5 years later and the average month has me taking over 200 pills and not a teaspoon of jam in sight.  When I did the maths it was actually quite a scary amount so let me break it down for you

  • Twice a month I take Vitamin D because my Dr said.
  • Every morning I have three Fish oil tablets because it is supposed to help with brain and heart health.
  • Every night I have two Panadol just before bed to help with the leg tremors I get and so I can get to sleep.
  • Every night I have a little blue pill.  NOT THAT ONE!  There is a less than endearing side effect of my MS is called Nocturia.  In other words I go to the toilet before bed, get up and go again, go to bed and then get up and go again.  My record is 8 times in 20 minutes.  So my Neurologist suggested this little blue pill.  It also helps me get to sleep.
  • And last but not least is the new addition to the mix and this little pill has been the hardest to adapt to.

Recently I started on one of the new disease modifying treatments that Pharmac has kindly started to fund. And yes it’s a pill.  This has been the hardest one to get used to.  It might only be a little pill but it’s had a major impact on my life since I started taking it.

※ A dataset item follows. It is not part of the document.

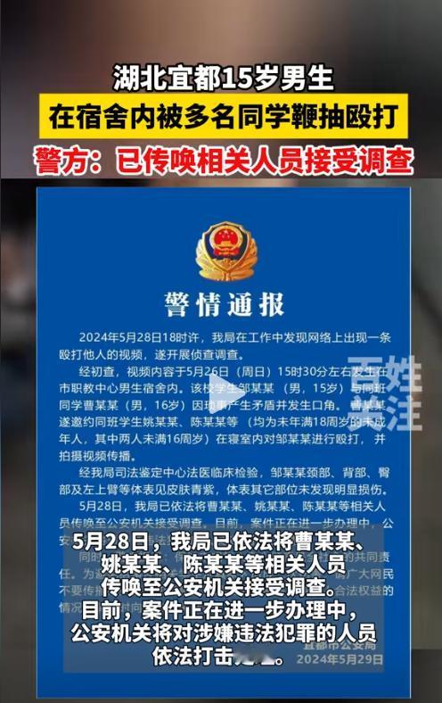湖北宜都,一名15岁的男生,在宿舍被同学用皮鞭抽打。男生的后背打的血淋淋的。可这名男生也仅仅只有15岁呀。施暴的三人有一名年满16周岁,但其他两名施暴者未年满16周岁。三人被警方依法传唤了,案件正在进一步侦办中。 校园暴力,这个话题一直是一个社会的巨大问题。近来,网络上又出现了一则则令人痛心的校园暴力新闻,引发社会广泛热议。 一个15岁的男孩本应该是无忧无虑的生活,但是却收到了同龄人的欺负。 15岁的小明(化名)本应在校园里享受快乐的学习时光,追逐理想梦想,却因为与同班同学小李(化名)发生口角,遭到了对方及其两名朋友的毒打。 事情是这样发生的:课间休息时,小明和小李因为一点小事争执不下,双方心有余怨。下课后,小李叫来两名好友,三人蓄意在宿舍里围殴小明。 面对几个人的暴行,小明完全不是对手,他惨叫连连,浑身是伤,却无力反抗。 更加令人发指的是,这些施暴者居然还拿手机将自己犯罪的一幕全程记录下来。视频中可以清楚听到小明痛苦的叫喊声,看到他遍体鳞伤的惨状,让人触目惊心。这种残暴行径,完全想象不到是同龄学生所为 有网友直言:"现在的未成年人简直无法无天,国家应当加快修订未成年人保护法。"也有网友提出不同意见。 校园暴力的背后,是被害者的委屈和施暴者的猖狂。校园暴力这个事件应该完全消失在我们的身边。 家长更应该多关注自己的孩子。无论是施暴者还是受害者,我们应当从他们的日常行为中积极发现存在的问题并且引导孩子如何改正。更要给孩子树立正确的价值观,我们应该把坏种子扼杀在摇篮里面。 与此同时,学校的教育管理工作同样十分重要。 学校应当制定完善的校纪校规,加强对学生的日常管理,开展心理健康教育,及时发现和解决学生的心理问题,从根源上预防校园暴力的产生。 只有家校共育,我们的孩子才能成为一个正直善良的年轻人。 校园暴力问题已经引起了社会的广泛关注,各界呼吁必须从根源上加以严惩和预防。 这不仅需要完善法律法规,而且更需要全社会共同参与,加强家庭教育和学校教育,培养青少年树立正确的价值观念,远离暴力,维护和谐校园。 我们,作为一个有判断力的成年人,应当为自己的行为负责。而对于没有形成自己的价值观的未成年人,我们就是他们的镜子,应当更加的严格要求自己。 只有携手并进、众志成城,我们才能杜绝校园暴力,为孩子们创造一个安全、和谐的成长环境。让我们行动起来,共同捍卫美好校园! 信息来源:百姓关注2024-5-29——湖北宜都15岁男生在宿舍内被多名同学鞭抽殴打,警方:已传唤相关人员接受调查

The first impact was on my pride.  I was fiercely proud of being “drug free”, but if this drug gives me a 50% better chance of being able to walk at my sons 21st, or being in a chair the whole time, then pride be damned, I will take the pill every day.

The second impact has been on my body.   Any treatment that starts with a compulsory 8 hour day at the hospital for monitoring your heart has got to be a bit stronger than quarter of an aspirin.   I’ve had a range of side effects come and go since I started it. These include, but are not limited to, blocked sinuses, flu like symptoms, exhaustion and a regularly upset stomach.

The third impact has been on my time.  Apart from the inevitable regular blood tests, I also now have to have regular eye tests.  And then there is the time I’ve lost due to the constant feeling of illness.

I know it’s not a cure for MS but it might slow the progression down and if that makes me “better for longer” then my training with the raisins is time well spent.

So everyday I will fill my sons Smurfs cup up with water and take my medicine.  I still hate pills but know I need them.